Personal idea: first find out which node to delete is the first node of the linked list (index=len + 1 -n). If it is the first node (head), move the head to the right (head = head - > next); If it is not the head node, use a linked list pointer tmp to point to the previous node of the node to be deleted, and finally connect the next node of the next node of tmp to the back of tmp (tmp - > next = tmp - > next - > next).

# My first correct submission

/** * Definition for singly-linked list. * struct ListNode { * int val; * struct ListNode *next; * }; */ //Get linked list length int GetListNodeLen(struct ListNode* head) { int len = 1; struct ListNode *tmp = head; if(tmp == NULL) return 0; while(tmp->next != NULL) { len++; tmp = tmp->next; } return len; } struct ListNode* removeNthFromEnd(struct ListNode* head, int n) { int i = 0; struct ListNode *tmp = head; int len = GetListNodeLen(head); //Get linked list length int index = len + 1 - n; //Serial number of the linked list node to be deleted (starting from 1) if(index == 1) //If the node to be deleted is a header node { head = head -> next; return head; } for(i = 1; i < index - 1; i++) //Move tmp to the previous node where you want to delete the node { tmp = tmp->next; } tmp->next = tmp->next->next; //Connect the next node of the node to be deleted after its previous node return head; }

# Official version

Here is the official version

## Method 1: calculate the length of the linked list

An easy way to think of is that we first traverse the linked list from the node to get the length L of the linked list. Then we traverse the linked list from the first node. When we traverse to the L − n+1 node, it is the node we need to delete.

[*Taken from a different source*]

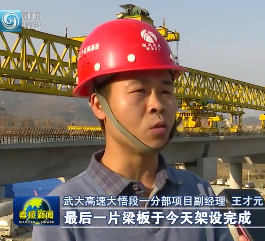 武大高速大悟段一分部项目副经理王才元:接下来我分部的工作重点主要集中在路基、桥梁、隧道的施工,预计在明年3月份,我标段将实现全部贯通。

In order to be consistent with n in the title, the number of nodes starts from 1, and the head node is the node numbered 1.

In order to facilitate the deletion operation, we can traverse L − n+1 nodes from the dummy node. When traversing the L − n+1 node, its next node is the node we need to delete, so we only need to modify the pointer once to complete the deletion operation.

——Author: leetcode solution

Link: https://leetcode-cn.com/problems/remove-nth-node-from-end-of-list/solution/shan-chu-lian-biao-de-dao-shu-di-nge-jie-dian-b-61/

This is the method I used, but dummy nodes (dummy - > Val = 0, dummy - > next = head;) are used here

int getLength(struct ListNode* head) { int length = 0; while (head) { ++length; head = head->next; } return length; } struct ListNode* removeNthFromEnd(struct ListNode* head, int n) { struct ListNode* dummy = malloc(sizeof(struct ListNode)); dummy->val = 0, dummy->next = head; int length = getLength(head); struct ListNode* cur = dummy; for (int i = 1; i < length - n + 1; ++i) { cur = cur->next; } cur->next = cur->next->next; struct ListNode* ans = dummy->next; free(dummy); return ans; } Author: LeetCode-Solution Link: https://leetcode-cn.com/problems/remove-nth-node-from-end-of-list/solution/shan-chu-lian-biao-de-dao-shu-di-nge-jie-dian-b-61/ Source: force buckle( LeetCode) The copyright belongs to the author. For commercial reprint, please contact the author for authorization. For non-commercial reprint, please indicate the source.

Complexity analysis

Time complexity: O(L), where l is the length of the linked list.

Space complexity: O(1).

## Method 2: stack

We can also put all nodes on the stack in turn while traversing the linked list. According to the "first in, last out" principle of the stack, we pop up that the nth node on the stack is the node to be deleted, and the current node on the top of the stack is the precursor node of the node to be deleted. In this way, the deletion operation becomes very convenient.

——Author: leetcode solution

Link: https://leetcode-cn.com/problems/remove-nth-node-from-end-of-list/solution/shan-chu-lian-biao-de-dao-shu-di-nge-jie-dian-b-61/

struct Stack { struct ListNode* val; struct Stack* next; }; struct ListNode* removeNthFromEnd(struct ListNode* head, int n) { struct ListNode* dummy = malloc(sizeof(struct ListNode)); dummy->val = 0, dummy->next = head; struct Stack* stk = NULL; struct ListNode* cur = dummy; while (cur) { struct Stack* tmp = malloc(sizeof(struct Stack)); tmp->val = cur, tmp->next = stk; stk = tmp; cur = cur->next; } for (int i = 0; i < n; ++i) { struct Stack* tmp = stk->next; free(stk); stk = tmp; } struct ListNode* prev = stk->val; prev->next = prev->next->next; struct ListNode* ans = dummy->next; free(dummy); return ans; } Author: LeetCode-Solution Link: https://leetcode-cn.com/problems/remove-nth-node-from-end-of-list/solution/shan-chu-lian-biao-de-dao-shu-di-nge-jie-dian-b-61/ Source: force buckle( LeetCode) The copyright belongs to the author. For commercial reprint, please contact the author for authorization. For non-commercial reprint, please indicate the source.

Complexity analysis

Time complexity: O(L), where l is the length of the linked list.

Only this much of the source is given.